Kindred Spirits: The radical poetry of Japanese and Belgian designers
From 18 October 2019 to 19 April 2020, the exhibition ‘Cool Japan’ at MAS will take you on a whirlwind tour of the global fascination for Japanese visual culture. Thanks to a number of unique loans from MoMu, you can get acquainted with Japanese and Belgian avant-garde fashion that revolutionised Parisian catwalks in the 1980s. Follow along as we explore how radical Japanese fashion inspired Belgium’s avant-garde and trace the creative influence between Japanese and Belgian designers.

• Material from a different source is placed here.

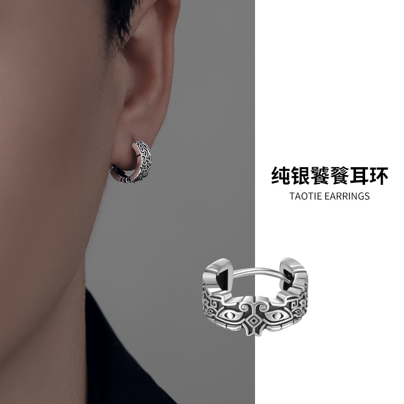 Silver-plated earrings men's high-grade retro distressed ancient totem circle personality single sleep-free boys ear buckle

From the moment the visionary spirit of Japanese designers was revealed to the world, in Paris in the early 1980s, it became perfectly clear that their work was much deeper than mere ‘rags’. Kenzo Takada and Issey Miyake had arrived in the French capital in previous decades, but in 1981 Yohji Yamamoto and Rei Kawakubo caused a real revolution with their autumn/winter collections, which they presented together. In contrast to the glamorous image of the power-woman then in vogue, the Japanese designers presented all-black clothes, which the most conservative critics claimed looked as though they had come out of a nuclear disaster. Polly Mellen, then editor of American Vogue, stated, ‘It is modern and free. It has given to my eyes something new and has made this first day incredible. Yamamoto and Kawakubo are showing the way to a whole new way of beauty’.
A new beauty, challenging the prevailing aesthetic conventions still based on the Western Renaissance conception of symmetry, balance and perfection. In fact, this ‘new’ aesthetic – an anti-aesthetic, according to many commentators – had its roots in the secular legacy of Japanese culture. They resonate in the avant-garde minds of Japanese designers such as Miyake, Kawakubo and Yamamoto, and their disciples, Junya Watanabe and Dai Fujiwara. The themes of perishability, absence (always accompanied by the immense power of suggestion, as in Haiku poetry, for example, where omission of words creates a possibility of meanings), irregularity, both simplicity and complexity, deconstruction to reconstruct, and the importance of meaning have permeated Japanese and Japanese culture for thousands of years. The shock they cause comes from our inability to look in the mirror and recognise that imperfection is inherent to the human condition.
This radical thinking translates into radical attires: garments reconstructed through the deconstruction of conventional patterns; monochromatic, focusing on ascetic and mysterious black; unusual volumes, sometimes over-sized proportions; asymmetry; overlapping; rips; seams and hems on the outside, taking part in the design process; unfinished garments; knots and bows as fastenings, keeping the pieces in place; faded boundaries between male and female. New lexicons of clothing were created and the essence of wabi-sabi present in the work of these Japanese aesthetes touched the soul of many young designers deeply. These young designers, who were looking for a new meaning to express their creativity through clothes, included the fashion students of the Royal Academy of Fine Arts in Antwerp, firmly trained in classical construction and cut.
I was just finishing my studies [when the Japanese designers had their European debut] and it was a brave new step in fashion – the beginning of a new freedom for me as a designer and as a woman.
The work of the Japanese designers, especially Yamamoto and Kawakubo, was both a shock and a revelation to Belgian designers, who at the time were still on the periphery of the international fashion scene. Confident that there would be other, less conventional ways than those of the established system, the revolutionary group left Antwerp for London in search of a stage receptive to the expression of their sartorial philosophy. So began a new wave that would rock the foundations of Western fashion and paradigms established by haute couture and already shaken by the Japanese designers.
One of the Belgian school would take the poetics of deconstruction initiated by the Japanese designers even further – Martin Margiela. Far from being a clone of his forerunners, Margiela found his own voice through a radical aesthetic: he maximised deconstruction and dissection of the garments, making this process a form of reflection; he moved elements, such as sleeves or collars, from their usual location and gave them new and unusual contexts. It was not only the final result that was important but also the design process and the various stages of production. It is fascinating to note that the element of perishability, underlined in the early works of Yamamoto and Kawakubo through the deconstructed nature of the garments – asymmetries, tears, frayed edges, knots, and uneven hems – is very present in the work of the Belgian designers, especially Martin Margiela.
Glamour was replaced by uniqueness. Mass production gave place to individuality. Expressing themselves freely, these designers, from two different cultures and different generations, contributed to the emergence of a ‘new’ aesthetic and to consolidate the idea that fashion can be an art form in its own right.